DATA EXTRACT
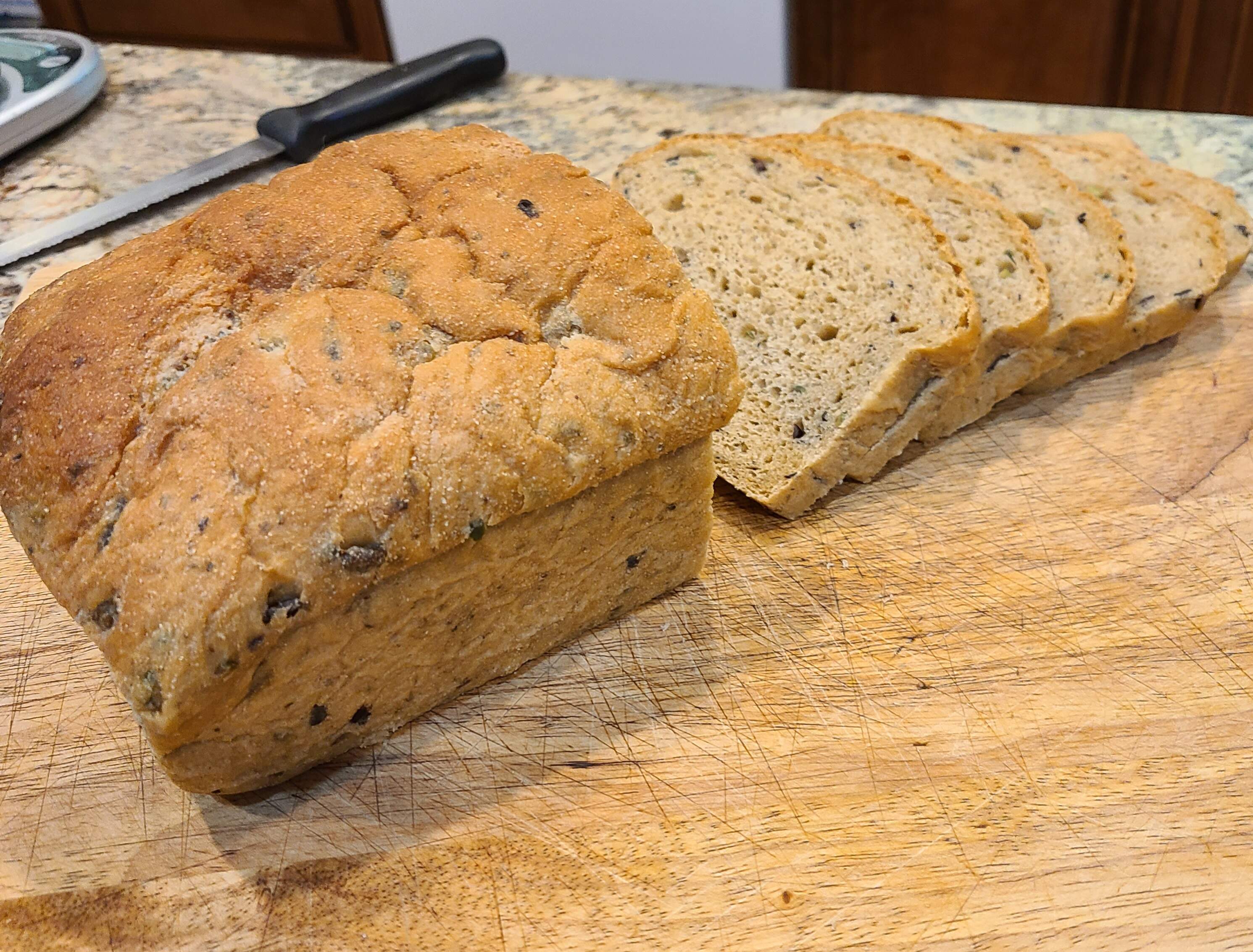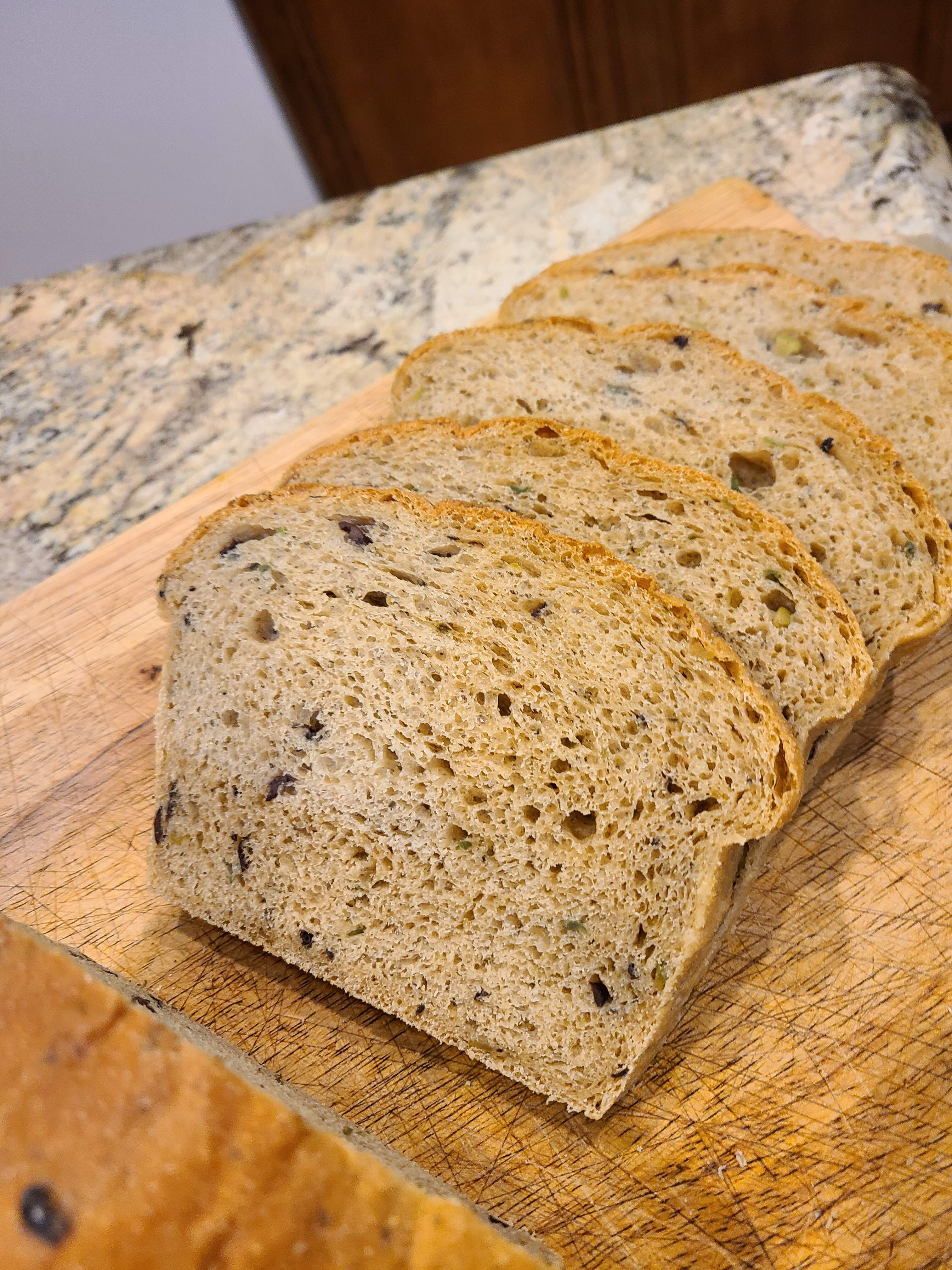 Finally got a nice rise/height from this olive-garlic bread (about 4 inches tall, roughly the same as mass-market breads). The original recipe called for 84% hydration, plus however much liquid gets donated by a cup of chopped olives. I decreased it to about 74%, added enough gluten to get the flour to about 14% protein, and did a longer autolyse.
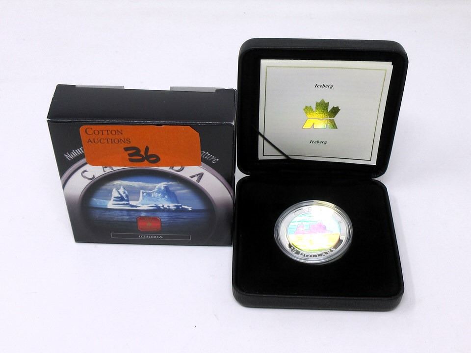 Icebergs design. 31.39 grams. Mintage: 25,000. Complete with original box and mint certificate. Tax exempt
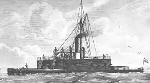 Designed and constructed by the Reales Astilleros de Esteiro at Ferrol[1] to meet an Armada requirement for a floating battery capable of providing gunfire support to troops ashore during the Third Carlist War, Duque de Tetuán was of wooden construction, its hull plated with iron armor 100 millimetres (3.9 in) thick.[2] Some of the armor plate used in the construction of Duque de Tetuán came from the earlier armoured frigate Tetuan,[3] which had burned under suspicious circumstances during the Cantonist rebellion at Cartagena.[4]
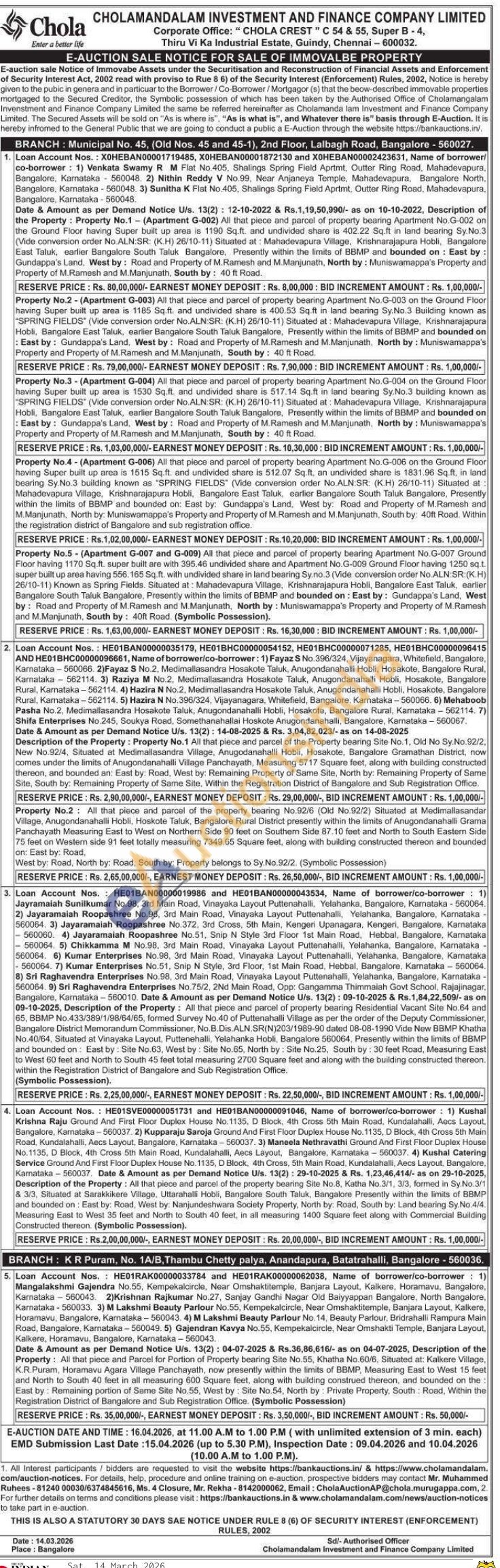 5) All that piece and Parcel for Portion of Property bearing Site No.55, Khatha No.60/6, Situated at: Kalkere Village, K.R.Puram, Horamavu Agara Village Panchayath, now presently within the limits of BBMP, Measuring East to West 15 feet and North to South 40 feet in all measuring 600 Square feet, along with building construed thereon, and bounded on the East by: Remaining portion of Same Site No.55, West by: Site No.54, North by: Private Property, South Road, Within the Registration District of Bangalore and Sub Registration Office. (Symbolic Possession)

TASK ITEM
Restate word for word each line from the top of the listing down to and including the line that holds "Icebergs design. 31.39". Drop any pictures.

TASK RESPONSE
 Finally got a nice rise/height from this olive-garlic bread (about 4 inches tall, roughly the same as mass-market breads). The original recipe called for 84% hydration, plus however much liquid gets donated by a cup of chopped olives. I decreased it to about 74%, added enough gluten to get the flour to about 14% protein, and did a longer autolyse.
 Icebergs design. 31.39 grams. Mintage: 25,000. Complete with original box and mint certificate. Tax exempt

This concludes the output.